* _Available data_
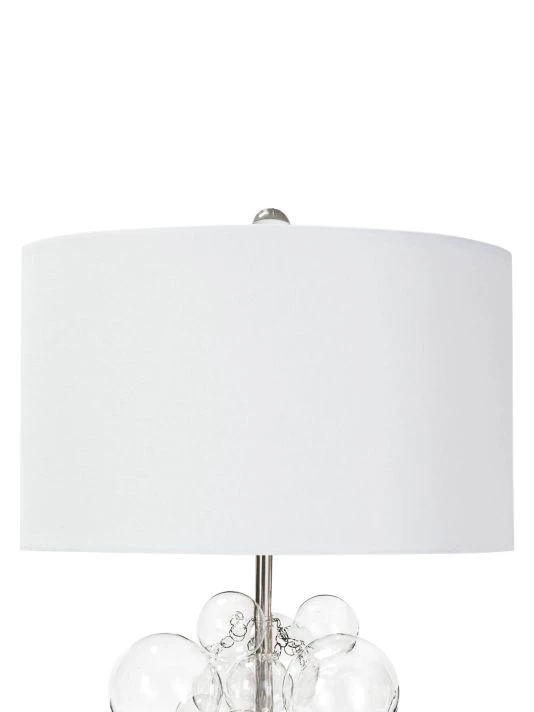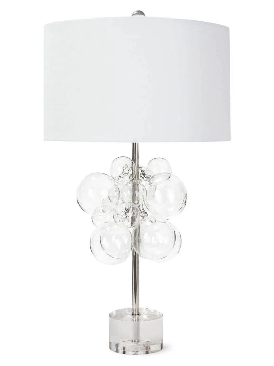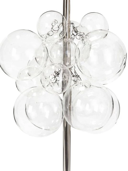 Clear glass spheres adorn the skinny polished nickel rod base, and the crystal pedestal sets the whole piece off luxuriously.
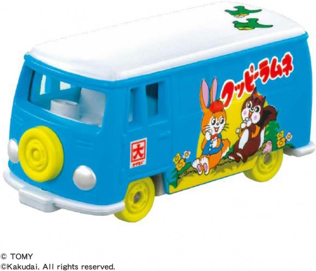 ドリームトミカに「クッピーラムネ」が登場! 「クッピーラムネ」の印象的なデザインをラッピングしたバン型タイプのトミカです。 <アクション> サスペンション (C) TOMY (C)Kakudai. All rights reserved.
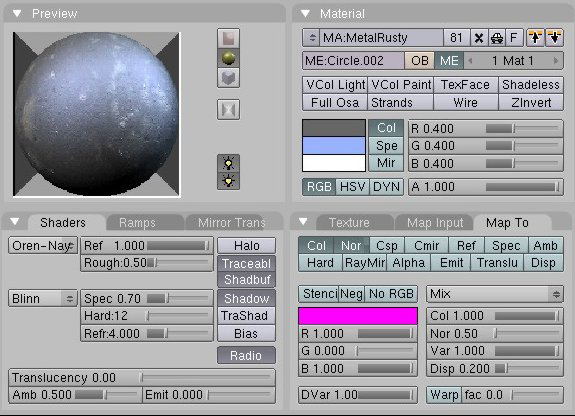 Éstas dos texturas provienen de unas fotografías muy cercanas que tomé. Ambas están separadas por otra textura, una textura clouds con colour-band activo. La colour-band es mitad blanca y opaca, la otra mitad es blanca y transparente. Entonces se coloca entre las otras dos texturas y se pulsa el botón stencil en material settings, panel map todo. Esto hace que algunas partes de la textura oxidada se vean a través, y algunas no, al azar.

---

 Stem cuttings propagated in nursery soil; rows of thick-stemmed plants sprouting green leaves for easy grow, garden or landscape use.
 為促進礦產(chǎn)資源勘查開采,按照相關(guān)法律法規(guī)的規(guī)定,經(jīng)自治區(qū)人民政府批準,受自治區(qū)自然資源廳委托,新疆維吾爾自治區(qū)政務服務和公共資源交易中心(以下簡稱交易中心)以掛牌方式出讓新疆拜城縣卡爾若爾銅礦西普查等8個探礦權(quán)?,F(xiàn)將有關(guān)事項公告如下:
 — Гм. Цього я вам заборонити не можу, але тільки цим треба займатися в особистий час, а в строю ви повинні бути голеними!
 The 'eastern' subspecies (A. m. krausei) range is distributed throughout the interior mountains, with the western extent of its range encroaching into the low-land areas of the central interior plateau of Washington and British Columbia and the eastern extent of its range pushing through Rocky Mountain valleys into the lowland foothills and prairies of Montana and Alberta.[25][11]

* _Problem details_
Give back the exact lines above, running from the one that has "Clear glass spheres" through the one that has "All rights reserved.", with nothing added and no pictures.

* _Expected output_
 Clear glass spheres adorn the skinny polished nickel rod base, and the crystal pedestal sets the whole piece off luxuriously.
 ドリームトミカに「クッピーラムネ」が登場! 「クッピーラムネ」の印象的なデザインをラッピングしたバン型タイプのトミカです。 <アクション> サスペンション (C) TOMY (C)Kakudai. All rights reserved.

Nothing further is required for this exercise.